■ Task directions ■
In the entries below, locate the line with "森系布艺新款卡通小羊兔子发圈高弹力不伤发宝宝皮筋萌趣可爱发绳", then give again that line and all lines after it, exactly, with pictures omitted.

■ Source information ■

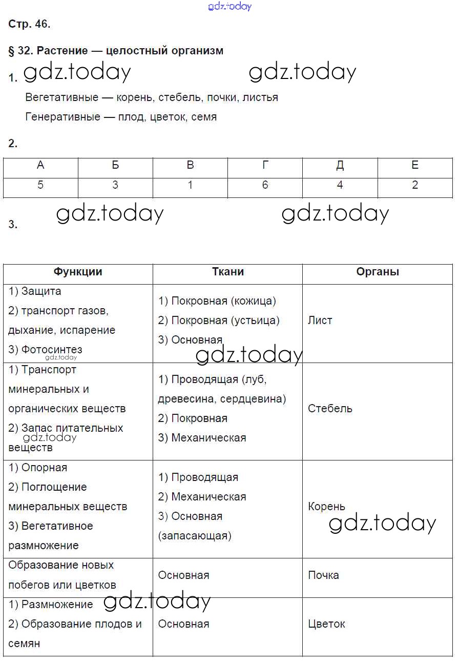 На страницах сайта gdz.today вы найдете учебный и вспомогательный материал, направленный на улучшения знаний школьной программы. ГДЗ - онлайн мир знаний Страницы (решение) 46 Рабочей тетради по Биологии для 6 класса Исаева, Романова Русское слово Инновационная школа 2017
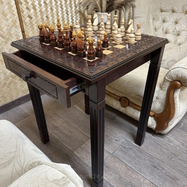 Wooden Chess Table “Bright Victory” with Drawers and Cells for chess pieces
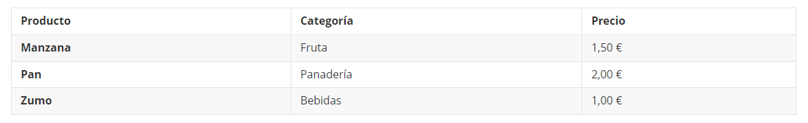Si añadimos un encabezado <caption> con el texto “Tabla de ejemplo de productos y precios” a nuestro ejemplo anterior, el código quedaría así:
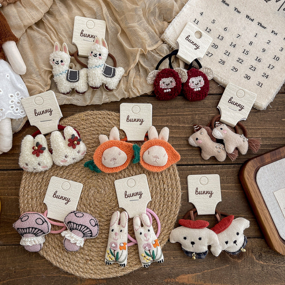 森系布艺新款卡通小羊兔子发圈高弹力不伤发宝宝皮筋萌趣可爱发绳
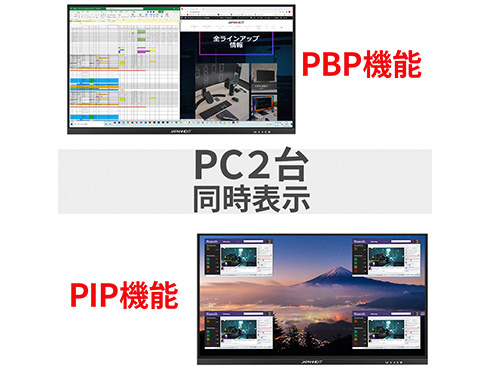 ■複数の入力映像を同時に表示するPIP(Picture In Picture)とPBP(Picture By Picture)に対応、PIPではもう一つの入力画面を子画面(左上/右上/左下/右下から選択)で同時表示が可能。PBPでは2つの入力を左右に同時表示することが可能です。

■ Answer for this exercise ■
 森系布艺新款卡通小羊兔子发圈高弹力不伤发宝宝皮筋萌趣可爱发绳
 ■複数の入力映像を同時に表示するPIP(Picture In Picture)とPBP(Picture By Picture)に対応、PIPではもう一つの入力画面を子画面(左上/右上/左下/右下から選択)で同時表示が可能。PBPでは2つの入力を左右に同時表示することが可能です。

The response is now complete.